A Arábia Saudita, que havia solicitado apoio americano, agora se vê cercada por forças hostis: o Irã de um lado e os houthis do outro. Com capacidades defensivas limitadas, Riad corre o risco de sofrer danos significativos em sua infraestrutura e em suas exportações de petróleo. Caso o custo da contenção se torne insustentável, a monarquia pode reconsiderar sua política externa, aproximando‑se ainda mais de Teerã ou, ao menos, estreitando laços com países como Turquia, Paquistão e Qatar, o que poderia reconfigurar o equilíbrio de poder no Golfo.

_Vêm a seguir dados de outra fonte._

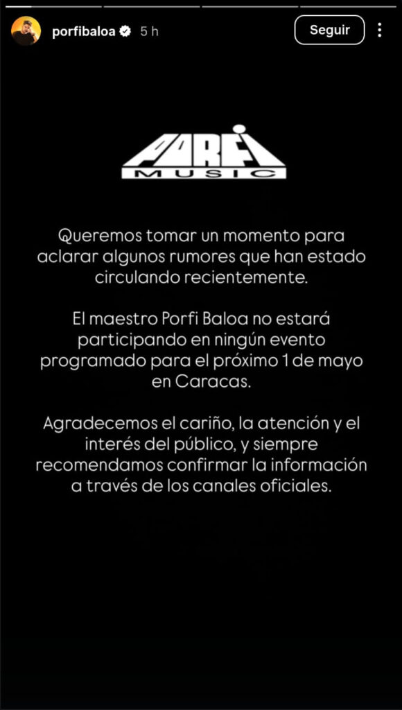 «Queremos tomar un momento para aclarar algunos rumores que han estado circulando recientemente. El maestro Porfi Baloa no estará participando en ningún evento programado para el próximo 1 de mayo en Caracas», apuntó una historia subida por el músico en su cuenta de Instagram.

Israel, por sua vez, tem mantido uma postura de observação cautelosa. Embora não tenha intervenido diretamente no Iêmen, já sofreu impactos diretos – a interrupção do comércio marítimo – e indiretos, ao ver o fortalecimento de grupos radicais que poderiam representar ameaças futuras. No ano passado, o país realizou ataques que eliminaram vários líderes políticos e militares dos houthis, mas a recente tomada de Bab al‑Mandeb demonstra que a avaliação israelense sobre o equilíbrio interno iemenita e a real capacidade dos rebeldes foi equivocada. Dessa forma, Israel precisa se preparar para a possibilidade de um novo confronto, seja por iniciativa própria ou por reação a movimentos houthis.

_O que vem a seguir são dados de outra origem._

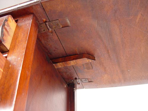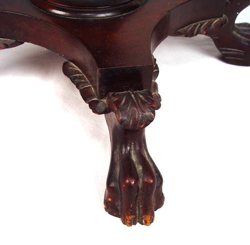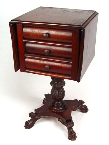 DARK MAHOGANY 3 DRAWER WORK STAND: Drop leaf stand with bowed drawers, carved pedestal base and claw feet. Measures 39'' high x 39 1/4'' wide open, 17'' wide closed x 16'' deep

Paralelamente, o foco de segurança de Israel continua voltado para o Irã. Relatórios divulgados pouco antes das festas religiosas apontam atividades no complexo subterrâneo de Pickaxe Mountain, próximo à instalação nuclear de Natanz. Ainda não está claro se se trata apenas de obras de infraestrutura ou de um esforço para reiniciar o programa nuclear iraniano. Trump sugeriu que a questão iraniana poderia ser resolvida antes ou depois das eleições de meio de mandato, mas não parece inclinar‑se por uma escalada militar, sobretudo porque as sanções econômicas contra Teerã têm ganhado eficácia. Israel prefere agir contra o Irã de forma autônoma, porém reconhece que qualquer ação de grande escala exigirá aprovação explícita de Washington.

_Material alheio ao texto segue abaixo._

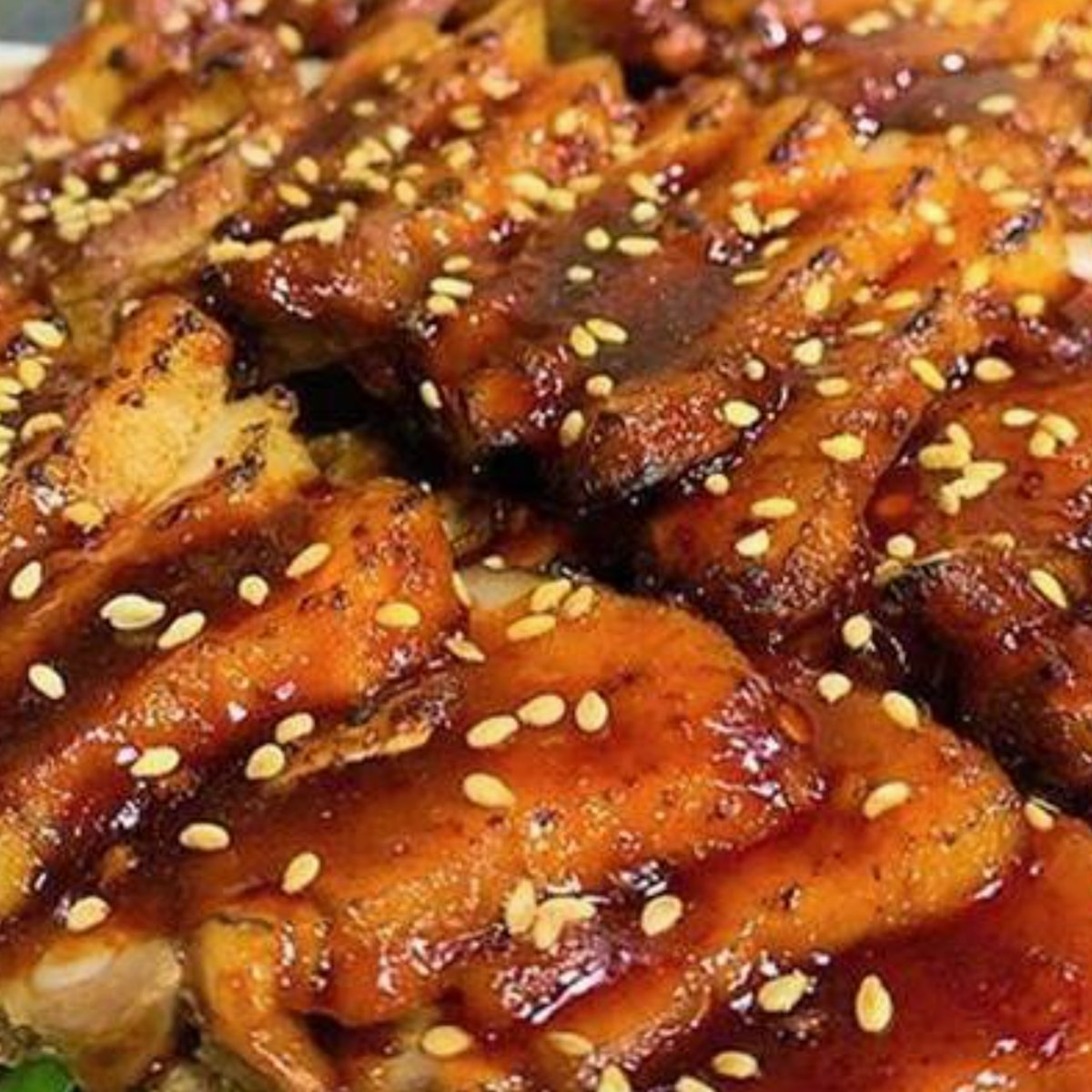 骨なしのフライドチキンに甘辛タレを絡めた一品。700gのサイズも選択可能です。

No âmbito regional, o Exército de Defesa de Israel (IDF) concluiu recentemente a destruição de túneis do Hezbollah na crista de Ali al‑Taher, no sul do Líbano, marcando a segunda rede subterrânea estratégica desmantelada. Esse esforço demonstra a determinação israelense em neutralizar infraestruturas que poderiam ser usadas para ataques, ao mesmo tempo em que evidencia a complexidade de uma frente múltipla que inclui houthis, Hezbollah e a ameaça nuclear iraniana. Em suma, o avanço dos houthis, a hesitação americana e a instabilidade no Irã criam um cenário de maior vulnerabilidade para Israel, que terá de equilibrar suas respostas militares com a necessidade de apoio diplomático dos aliados ocidentais.
📖 Perspectiva Bíblica
“Quando os povos se rebelam contra o Senhor e se levantam contra ele, os planos dos soberbos se desfazem.” (Salmos 2:1‑2)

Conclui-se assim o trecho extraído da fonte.